Once this gold standard data set was defined, we processed our standard respiratory syndrome query against these records in order to estimate the sensitivity and specificity. Since these results were based on a comparison of 3,699 expertly reviewed records, we calculated the weighted sensitivity and specificity for the total 956,015 records. For example, the sensitivity is estimated by the weighted total of test true positives divided by the weighted total of all true positives. The sample weight is the reciprocal of the sample proportion of the stratum. A sampled visit from the stratum of less stringent respiratory syndrome with TN carries a weight of 39,698/503 = 78.92 because the stratum total is 39,698 and the sample size for that stratum is 503.
We then processed several different variations of the standard respiratory query to look for the most ideal combination of sensitivity and specificity (Table 2). The first alternate query (A1) ignored TN, even when it was present. The second alternate query (A2) used the less stringent respiratory definition (no requirement for a constitutional term) and ignored TN. The third alternate query (A3) used the less stringent respiratory definition, and used TN when available.

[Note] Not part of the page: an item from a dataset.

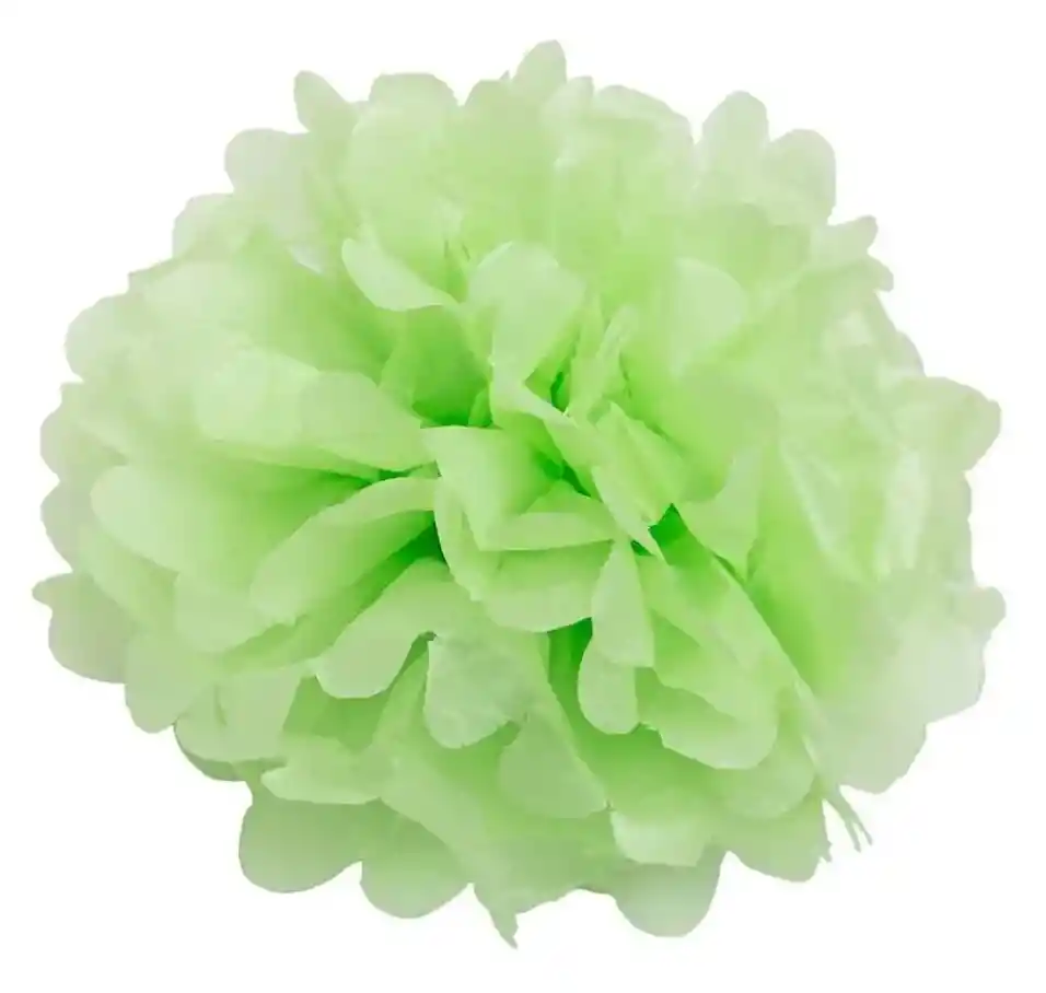 POMPON DE PAPEL SEDA PARA FIESTA 30 CM VERDE CLARO, SE ENVIA DESARMADO

The fourth alternate query (A4) used the standard definition (requirement for a constitutional term) when TN was available, and the less stringent definition when TN was not available.
Table 2.
Weighted sensitivity (Sn) and specificity (Sp) results for the five different queries.
Query | Weighted Sn (%) | Weighted Sp (%) |
---|---|---|
Standard Query | 23.09 | 98.62 |
Alternate Query 1 (A1) | 9.49 | 99.76 |
Alternate Query 2 (A2) | 43.78 | 95.14 |
Alternate Query 3 (A3) | 53.30 | 92.78 |
Alternate Query 4 (A4) | 45.86 | 94.87 |
Results
The unweighted counts of the 3,699 expert reviewed cases categorized by NC DETECT standard respiratory query are displayed in Table 3. These results are further classified by presence or absence of triage note data. Table 4 shows these results weighted for the 956,015 non-injury records in the database.
Table 3.
Counts of gold standard review results by NC DETECT standard respiratory query.
Gold Standard | NC DETECT Respiratory Query | |||
---|---|---|---|---|
+ | − | Total | ||
TN | + | 90 | 81 | 171 |
− | 112 | 638 | 750 | |
No TN | + | 89 | 245 | 334 |
− | 31 | 2,413 | 2,444 | |
All | + | 179 | 326 | 505 |
− | 143 | 3,051 | 3,194 | |
Total | 322 | 3,377 | 3,699 |
Table 4.
Weighted counts of gold standard review results by NC DETECT standard respiratory query.
Gold Standard | NC DETECT Respiratory Query | |||
---|---|---|---|---|
+ | − | Total | ||
TN | + | 7,103 | 10,865 | 17,968 |
− | 8,839 | 18,9682 | 198,521 | |
No TN | + | 9,554 | 44,612 | 54,166 |
− | 3,328 | 682,032 | 685,360 | |
All | + | 16,657 | 55,477 | 72,134 |
− | 12,167 | 871,714 | 883,881 | |
Total | 28,824 | 927,191 | 956,015 |
For each of the five queries, the sensitivity and specificity estimates weighted for the database of 956,015 non-injury records are shown in Table 2, while the weighted estimates of the positive predictive value (PPV) and negative predictive value (NPV) are shown in Table 5.
Table 5.
Weighted positive predictive value (PPV) and negative predictive value (NPV) results for the five different queries
Query | Weighted PPV (%) | Weighted NPV (%) |
---|---|---|
Standard Query | 57.79 | 94.02 |
Alternate Query 1 (A1) | 76.18 | 93.11 |
Alternate Query 2 (A2) | 42.35 | 95.40 |
Alternate Query 3 (A3) | 37.59 | 96.05 |
Alternate Query 4 (A4) | 42.19 | 95.55 |
Discussion
We identified several challenges in creating a gold standard data set to evaluate the sensitivity and specificity of syndrome definitions used in an EED system. One of our foremost concerns was how to draw a truly representative sample of records for expert review that was manageable in size and accurately represented the prevalence, sensitivity and specificity of respiratory cases within the larger data set.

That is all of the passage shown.